La conteuse pince les lèvres, son front se plissant d'inquiétude, tandis qu'il poursuit :

- ... Dans six heures, les grands dignitaires de la cour, dont l'empereur lui-même, participent à un concours de poésie. Je compte sur vous pour me faire gagner ce concours en étant ma partenaire. Voilà votre punition.

Je ne sais pas dire qui est le plus confus : Hayamei, son père, son frère, les compagnons de Semjinkin... ou n'importe qui d'autre qui a assisté à la scène ! Tout le monde, sauf Vilkura. C'est le seul qui ne paraît pas surpris. Le visage de Hayamei oscille entre l'incompréhension et l'hésitation, blême. Elle paraît chercher ses mots, avant de balbutier :

- Oui, seigneur.

- Je vous présente mes excuses, déclare ensuite Semjinkin avec un peu plus de douceur. Je me suis mépris sur votre compte, et je vous ai accusée à tort. Je me suis laissé aveugler par mes préjugés, c'était idiot de ma part. Si je ne crois pas toutefois avoir été aussi impoli et insultant envers vous que vous semblez le penser, j'entends vos reproches et accepte votre point de vue. J'espère que c'est assez courtois de ma part.

Les yeux toujours baissés, terrifiée, Hayamei finit par bredouiller :

- Je... C'est à moi de m'excuser, je... Je n'aurais pas dû m'emporter comme ça, et j'aurais dû vous montrer plus de respect ! Ce n'était pas très mature, je vous prie de me pardonner...

- Ce sera fait dès que vous et moi aurons gagné le concours, sourit Semjinkin avec malice. Vous souhaitez toujours partir à présent, ou vous vous joignez finalement à nous pour le spectacle ? Vous et votre famille demeurez les bienvenus.

Rhanxei et Mehrajei paraissent surpris, ils se tournent vers Hayamei qui souffle, la gorge sèche :

- Je... je vous remercie une nouvelle fois pour l'invitation, mais je ne me sens pas très bien. Je... préfère vous retrouver plus tard.
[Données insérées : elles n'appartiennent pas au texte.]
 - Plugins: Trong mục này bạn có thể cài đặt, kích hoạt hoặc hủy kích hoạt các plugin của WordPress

- Tu veux qu'..., commence à peine Rhanxei.

- Ne vous occupez pas de moi ! l'interrompt-elle d'un air rassurant. J'ai juste besoin d'aller marcher un peu. Mais toi et papa, profitez du spectacle ! Vous me raconterez !
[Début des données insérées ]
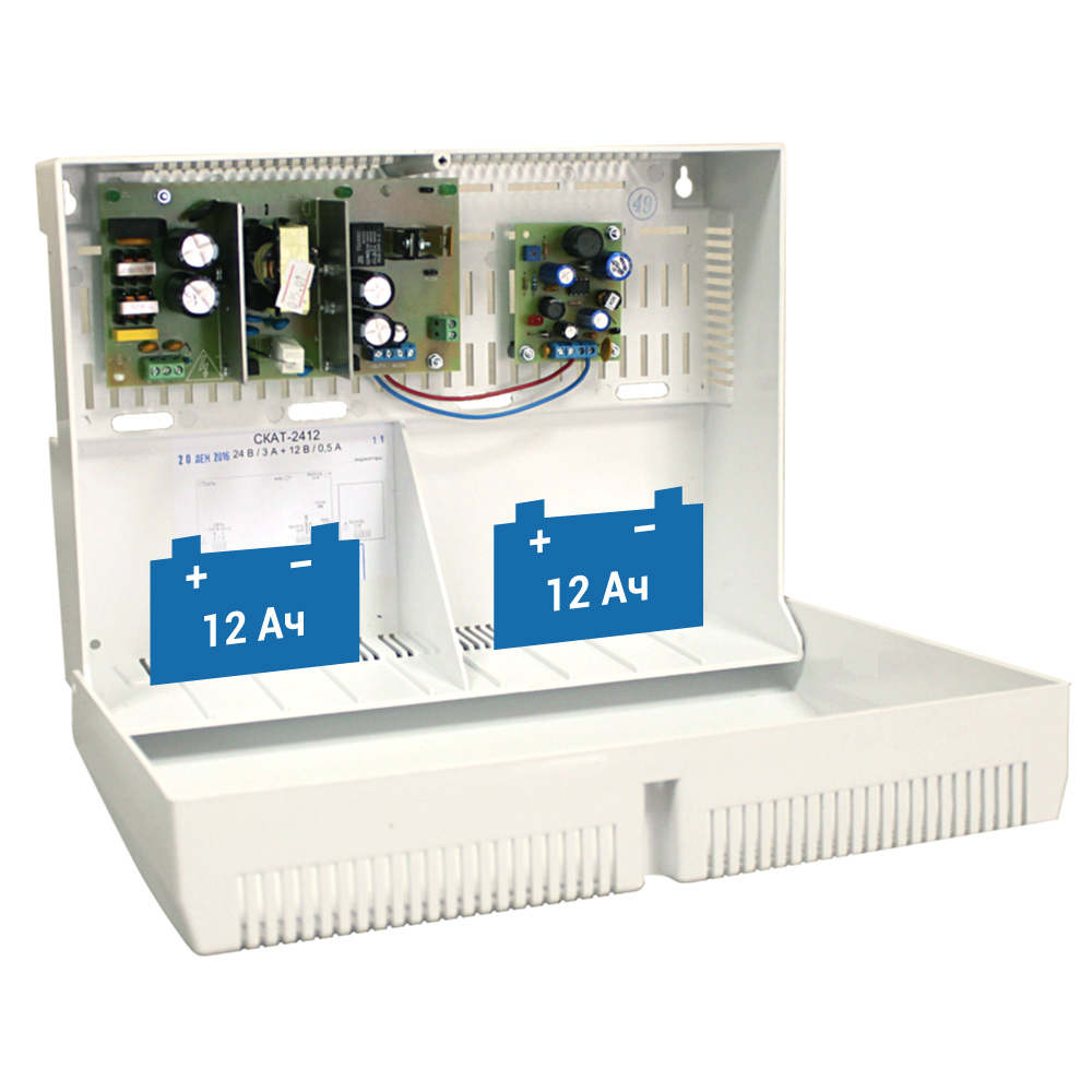 СКАТ-2412 источник бесперебойного питания 24В/3А, 12В/0,5А, кратковременно и в режиме резерва до 3 А, корпус под 2 АКБ 12 Ач; соответствует ФЗ 123 и ГОСТ Р 53325-2012. 3 индикатора и 3 информационных выхода - Сеть, АКБ, Выход, защита выхода от прегрузки и КЗ, защита АКБ от глубокого разряда; КЗ и переполюсовки; контроль наличия АКБ; холодный пуск; IP20; -10…+40 С; 333х240х134 мм; 1,1 кг.

- Tu es sûre ? insiste Merhajei.

- Oui. Merci encore pour l'invitation, fait-elle à l'adresse de Semjinkin.

Surpris, il hausse les sourcils avant d'acquiescer.

- Comme vous le souhaitez. Mais il faudra qu'on prépare le concours. Retrouvez-nous dans quatre heures, près de ce banc ! fait-il en désignant du menton l'endroit non loin où nous patientions tout à l'heure.

- Ou...Oui, très bien.

Après une nouvelle révérence un peu gauche, Hayamei s'enfuit trop rapidement pour que son frère ou son père n'aient le temps de la retenir.

Mi-amusé, mi-amer, Semjinkin se penche vers moi en soufflant à mon oreille :

- À présent, elle sait quel noble je suis.

Je lui rends sa triste grimace.

Merhajei et Rhanxei restent à distance respectueuse de notre groupe, échangeant entre eux à voix basse, sans se mêler de nous. Nous voilà revenus à la situation précédente avec Hayamei, sauf que cette fois, j'évite de m'en mêler ! J'en ai bien assez fait comme ça en croyant aider ! De toute manière, les deux hommes n'ont pas du tout l'air embarrassés par leur mise à l'écart de notre groupe.

Je me tourne donc plutôt vers Semjinkin en faisant remarquer :

- J'ai vraiment cru que vous alliez la punir plus durement.

Tristement sarcastique, Semjinkin serre les dents en déplorant :

- Est-ce qu'au moins un membre de cette cour acceptera un jour de ne pas me voir comme un monstre ? Je me le demande...

- Je ne pense pas que vous soyez un monstre ! je m'exclame. Et puis ce n'est pas de ma faute, vous aviez l'air si grave tout à l'heure !

- C'est que j'ai voulu ménager mon petit effet, rit-il doucement. Je me plains de ma mauvaise réputation, mais je dois bien avouer que j'aime aussi en jouer. C'est une autre façon que j'ai trouvée pour m'en accommoder.

- Vous pensez que vous allez gagner le concours de poésie grâce à la conteuse ?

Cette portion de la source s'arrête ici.